Photo: Ebru Yildiz
Paula Cole On Bringing Attention To Black Music, The American Experience As Patchwork & Her New Album 'American Quilt'
Can an artist of one race pay homage to the art of another? On one side of the debate is disrespectful appropriation—on another, racial essentialism. On her new album of songs—many of them important to Black communities—from the 20th-century pantheon, American Quilt, Paula Cole walks the middle course with dignity and respect.
Among its mélange of Americana staples, like "Shenandoah" and "Wayfaring Stranger," American Quilt, which arrives May 21, does contain one original—"Hidden in Plain Sight (I Dream)," which premieres exclusively below via GRAMMY.com. That song illuminates the role of quilts as coded guides for fleeing slaves during the Underground Railroad. As a white woman, Cole is fully aware that she's not the representative for this subject. But unlike politicians, artists can swim between these boundaries at will.
"I just felt that even though it's not necessarily my story to tell, being a white person, it's important that we remember," the GRAMMY winner and seven-time nominee most famous for 1996's smash hit "I Don't Want to Wait" tells GRAMMY.com. "I created the song to reflect that because there isn't very much out there, and a lot of people don't know about them. They're mind-bogglingly ingenious." That last description could just as easily apply to Bessie Smith, Louis Armstrong, Miles Davis and John Coltrane—Black innovators that Cole highlights on American Quilt and enthusiastically praises through the course of the interview.
GRAMMY.com caught up with Cole over the phone from Massachusetts about her all-over-the-place cultural roots, what compelled her to make this patchwork of American tunes and why music can help bridge the gaps between races and cultures.
Paula Cole. Photo: Ebru Yildiz
This interview has been edited and condensed for clarity.
Nice to meet you, Paula. Where are you located?
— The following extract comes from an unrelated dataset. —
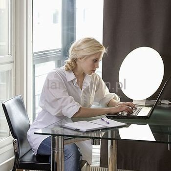Rondo LED 40 Innojok okrągła, przypominająca tarczę słoneczną, lampa do światłoterapii jasnym światłem. Lampa ma niski poziom jaskrawości co czyni ją wyjątkowo przyjazną dla oczu osób szczególnie wrażliwych na jasne światło. Rondo LED jest wygodne w stosowaniu i może być włączane na długi czas - światło lampy Rondo może przyjaźnie towarzyszyć w domowym zaciszu np. podczas czytania, oglądania telewizji, wypoczynku. Oprawa zajmuje niewiele przestrzeni, można ją łatwo ustawiać np. na stole w kuchni, w pokoju lub na biurku a także powiesić na ścianie.
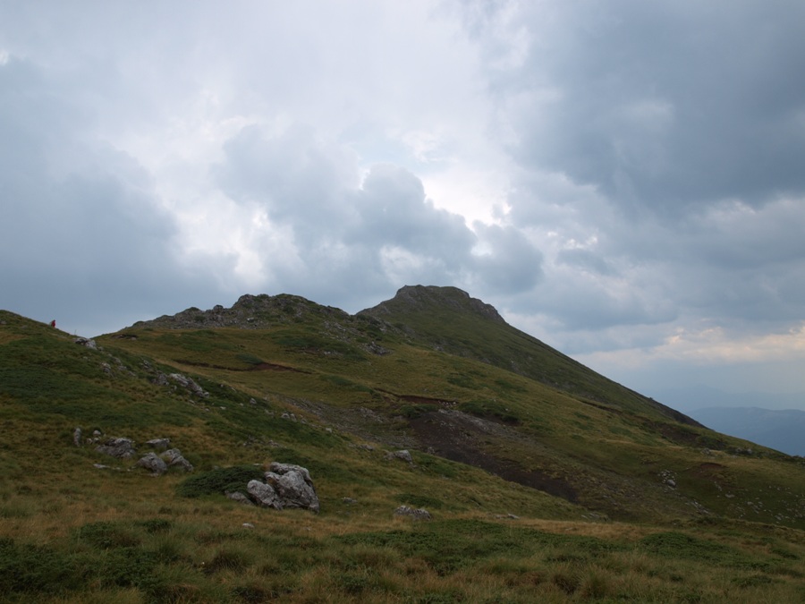 Συνεχίζουμε. Μπροστά από την βρύση στρίβουμε αριστερά Δυτικά Δ σε τρακτερόδρομο που ανηφορίζει στην πλαγιά έχοντας το δασόριο αριστερά, σύντομα φτάνουμε σε ρέμα και βράχια όπου συναντάμε τα πρώτα σημάδια (Κόκκινος κύκλος με λευκό στο κέντρο) σε ογκόλιθο ψηλά αριστερά. Περνάμε την ρεματιά και συνεχίζουμε στην ίδια κατεύθυνση, από φαρδύ μονοπάτι ώσπου σε υψόμετρο 1780Μ μπαίνουμε σε δάσος με οξιές. Συνεχίζουμε στο δάσος, βγαίνουμε σε ξέφωτο φτάνοντας σε ρεματιά και αλλάζουμε κατεύθυνση σε Νοτιοδυτική έχοντας την ρεματιά δεξιά, φτάνουμε σε λεκάνη που την κυκλώνουμε, ώσπου καταλήγουμε σε ράχη (3) έχοντας δεξιά μας οροπέδιο και αριστερά την ορθοπλαγιά, και μπροστά μας Νοτιοανατολικά ΝΑ την κορυφή.

At the moment, I'm in Rockport, Massachusetts. I'm visiting my parents quickly, so I'm conducting the interview from my childhood home, which is pretty interesting for me.
How does that feel?
It feels great. I love my parents so much. I had decided to move back to the North Shore of Massachusetts to raise my daughter nearer, so she could know them and the generations would be unified. That was more important to me than other things, like living in an industry city.
Is your childhood bedroom just how you remember it?
[laughs] No, it's different now. They changed it. We grew up in a Georgian house that was built in the 1600s. We're talking about a colonial New England house. George as in King George, you know? It's very small and poky and yet beautiful and historic.
What compelled you to see the American experience as a patchwork quilt?
It was accidental. The music informed the process. Having recorded 31 jazz standards in five days for my Balladsalbum—I should requalify that. They weren't all jazz standards. "God's Gonna Cut You Down" was actually recorded in 2016 in the Ballads sessions.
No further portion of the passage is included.